Понятно, что Менухин любит свою скрипку, но зачем же на этом основании рояль ?пинать?? Видимо, он все-таки воспринимал этот инструмент душой и ушами своей сестры – Хевцибы, пианистки весьма профессиональной и искушенной, но довольно прозаичной. Быть может, сегодняшние фортепиано, особенно те, что стоят в классах учебных заведений, и не вдохновляют на нежные чувства. Но вот рояли прежних времен… А точнее один рояль…

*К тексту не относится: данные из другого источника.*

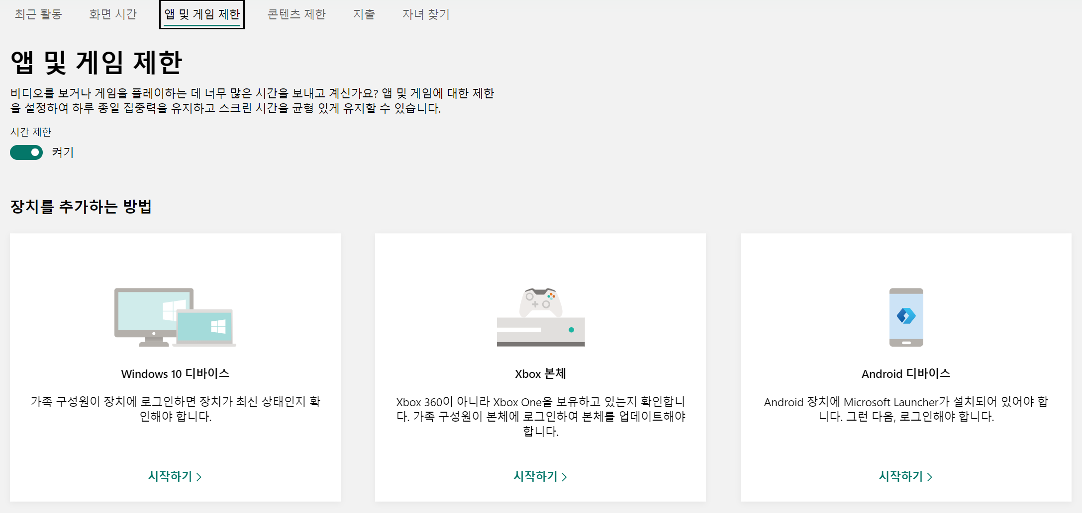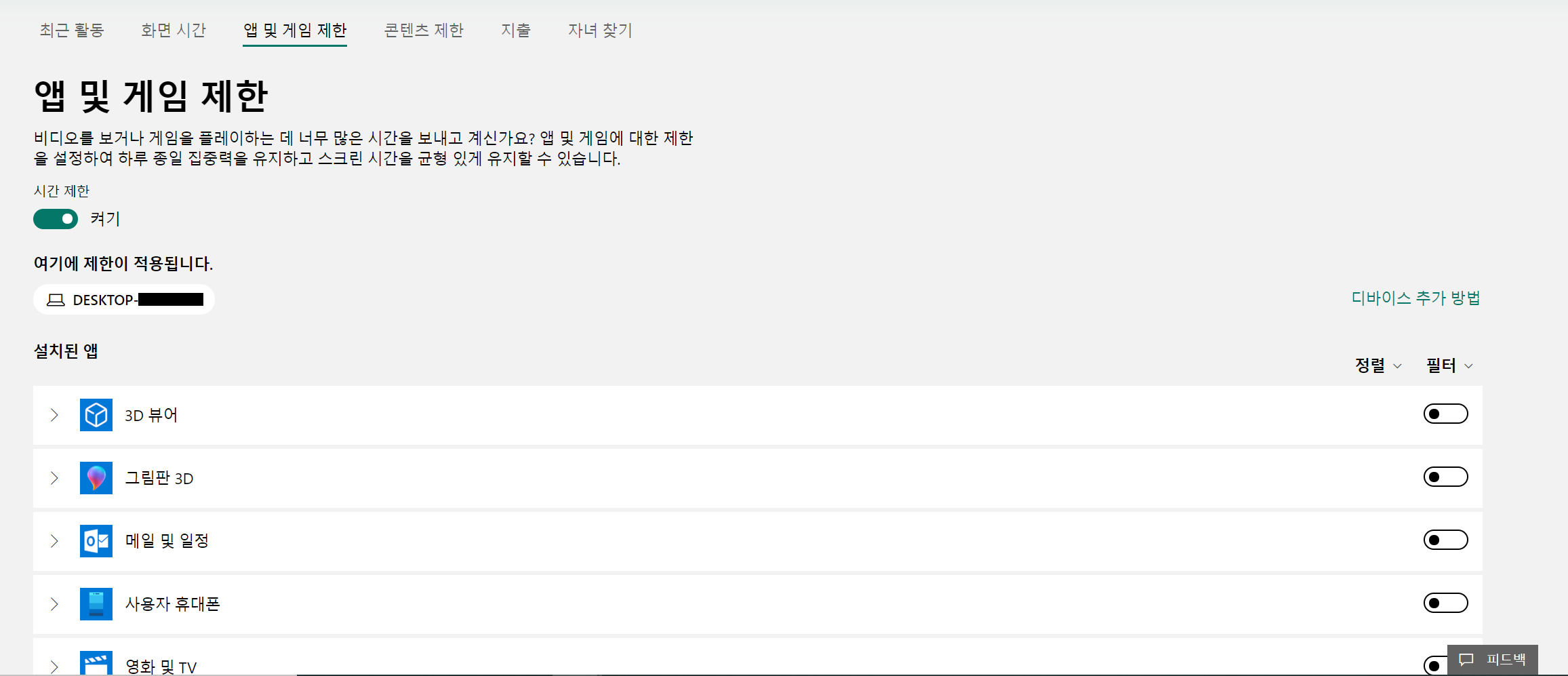 앱 및 게임 제한 항목을 활성화 하시면 아래와 같이 장치 추가 설정화면이 나옵니다.

Москва начала 1970-х. Без светящихся реклам и переполненных транспортом улиц, темноватая и какая-то таинственная – ?булгаковская?, ?чаяновская?. Ранний вечер, а может быть даже и день. На дворе то смутное время года между осенью и зимой, когда утренние сумерки незаметно перетекают в вечерние, и когда в квартирах целый день горит свет. Старый домик в Сокольниках, словно вросший в землю. Тут, в комнате на первом этаже (даже как будто немного ниже уровня земли) тоже горит свет: над столом висит красно-оранжевый круглый абажур со свисающими шнурочками – такими прикрывали когда-то керосиновые лампы, а потом и электрические.
С незапамятных времен живут в этом домике старушки-сестры с чудесной старомосковской, купеческой фамилией Хряковы – Нина Васильевна и Татьяна Васильевна. Но их скоро выселяют: дом идет под снос, потому и рояль они продают. А появился он тут то ли в 1904, то ли в 1905 году, привезенный из магазина Циммермана на Кузнецком, дом 20 (внутри корпуса соответствующая черная табличка прикручена). Родители резонно рассуждали: надо же девиц учить музыке. Играли-играли они по малости, да так ничему толком не выучились – способностей особых не оказалось, настоящего интереса тоже. Впрочем по праздникам, когда гости приходили, звучала музыка – танцы разные, вальсы с полечками, романсы, а потом, при НЭПе и танго с фокстротами – сохранилась целая толстая пачка нот в цветастых обложках… Да и без того видно, что веселились когда-то под звуки этого рояля – на крышке круглый след от бутылки или ножки бокала, да и на клавиатуру в басу в незапамятные времена, видно, шампанское пролили…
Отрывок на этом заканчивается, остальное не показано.